May 2009
Features

Field redevelopment accomplished using advanced RSS

Rotary steerable and geosteering technologies enable rapid field redevelopment.

Rotary steerable and geosteering technologies enable rapid field redevelopment.  

Jim Manson, Andy Stewart, Martin Pendlebury and Emily Ferguson, Maersk Oil, UK;  Ukpe John, Ian Tribe and Rebecca Lepp, Schlumberger

 

Dumbarton Field, operated by Maersk Oil, UK, is located in UK North Sea Block 15/20. During its life, the field presented numerous drilling challenges, which hampered its development. These include formation instability, directional drilling control issues and thin, complex reservoirs that were poorly imaged by seismic. Drilling is further complicated by transition drilling—alternating zones of fast drilling separated by slow-drilling, hard, abrasive stringers. The field pore pressure gradient is 9.07 ppg equivalent mud weight; but to maintain wellbore stability, mud weights up to 11.6 ppg are required. Because of these and other challenges, traditional mud-motor directional drilling has been sub-optimal.
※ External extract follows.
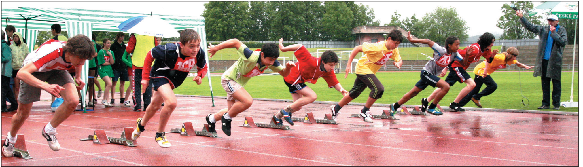
Start w biegu chłopców z klas 6-7 na 60 m.

Discovered in 1987 by BP, the field was originally Donan Field. The discovery well, 15/20a-4, and a single development well, 15/20a-6, provided production during the subsequent 10 yr and accounted for a cumulative 15.3 million bbl of oil. In the latter half of the 1990s, additional horizontal development wells were planned to replace the two producers. Five attempts were made, but all failed due to wellbore stability issues. BP continued production from the original two wells until 1997. Watercut had reached 71%, and production ceased to be profitable.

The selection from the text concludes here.